Cette nouvelle étape dans la procédure fait suite à l’affaire qui a touché le groupe en début d’année. En janvier, Renault a mis à pied puis licencié trois de ses cadres haut placés, les accusant à tort d'espionnage industriel. Selon la direction, ils auraient révélé des informations sur le programme du véhicule électrique, sujet important pour la stratégie du groupe, probablement à la Chine. Cette situation crée un emballement médiatique et politique. 

Le ministre de l'Industrie, Eric Besson, en personne parle à cette époque de "guerre économique". Par médias interposés, les salariés mis en cause et la direction se répondent : deux des employés tentent de prouver leur innocence et attaquent le constructeur en justice, Renault évoque pour sa part l'existence d'intermédiaires et de comptes bancaires à l'étranger, en Suisse et au Liechtenstein. 

La sécurité en cause

Après plusieurs semaines et une enquête menée notamment au Liechtenstein, le doute s'installePatrick Pélata, le second de Renault, évoque "deux hypothèses de pistes" : "soit nous sommes face à une affaire d'espionnage et un cadre de la direction de la sécurité protège sa source envers et contre tout. Soit Renault est victime d'une manipulation", assure-t-il.

C’est en fait le service interne de sécurité du groupe qui est alors mis en cause et notamment l’ancien responsable de sécurité, Dominique Gevrey. Mis en examen pour escroquerie en bande organisée mi-mars, il est actuellement incarcéré depuis l’ouverture de l’enquête à Paris. Selon le juge, il est soupçonné d’escroquerie au renseignement. Il aurait en effet fait accuser à tort les trois cadres, depuis innocentés. L’un d’eux, Matthieu Tenenbaum, a même réintégré le groupe.
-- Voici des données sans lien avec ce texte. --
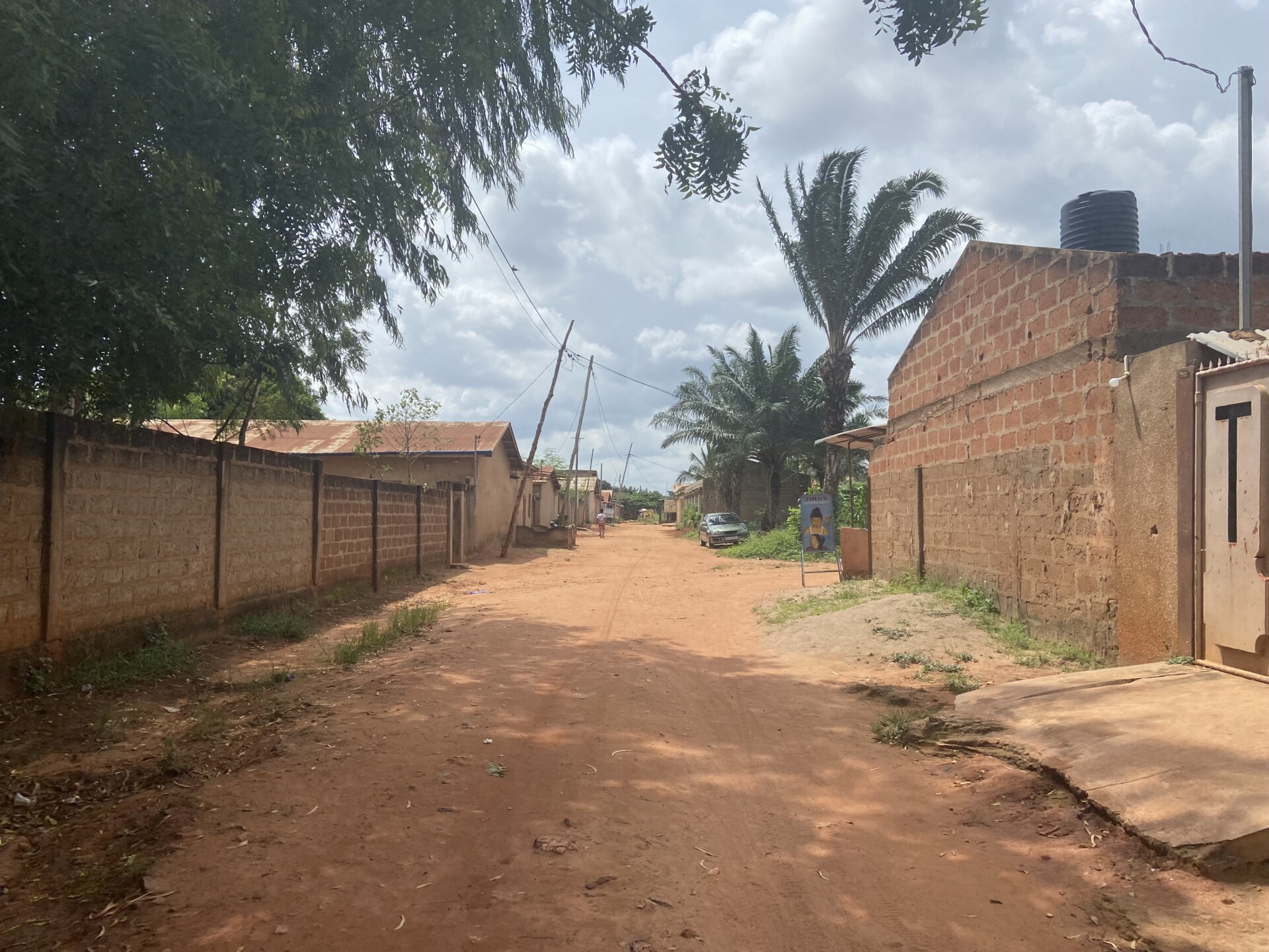 Cette petite marche que je dois faire tous les jours devient rapidement une bulle de joie pour moi. Toujours parée de ma casquette, de mon sac à dos et d’une grande bouteille d’eau, j’avance dans le sol inégal et sableux aux nuances d’orange brûlée. La couleur est si intense que s’en est irréel. Je salue celles et ceux que je croise, j’observe le ciel, puis les palmiers, les palissades et les toits de fortune, les fils électriques dont les poteaux sont de minces troncs d’arbres, les poules qui courent à vive allure. À chaque fois, je me dis que je suis bien loin des routes pavées, des pelouses coupées et des montagnes de la Montérégie. Et ça me rend heureuse!

Pour Me Jean-Paul Baduel, l'avocat de Dominique Gevrey, principal mis en cause dans l'instruction, cette étape est un tournant dans l'affaire en cours. "Mon client a toujours estimé qu'un certain nombre de choses devaient être faites, le magistrat instructeur l'a entendu", souligne l'avocat.  Il soupçonne la direction de Renault d'avoir organisé "une manipulation qui ne date pas de l'affaire des trois cadres" dans le but de centraliser encore plus son organigramme autour de son PDG.

Cette affaire a profondément affecté le groupe cette année. Elle a notamment coûté sa place de numéro deux à Patrick Pélata, depuis remplacé par Carlos Tavares. La direction de Renault a aussi dû revoir son système de sécurité suite aux conclusions d’un comité d’audit mené par Alain Bauer notamment. Cette nouvelle organisation a récemment pris ses fonctions et est placée pour partie sous la responsabilité directe de Carlos Ghosn.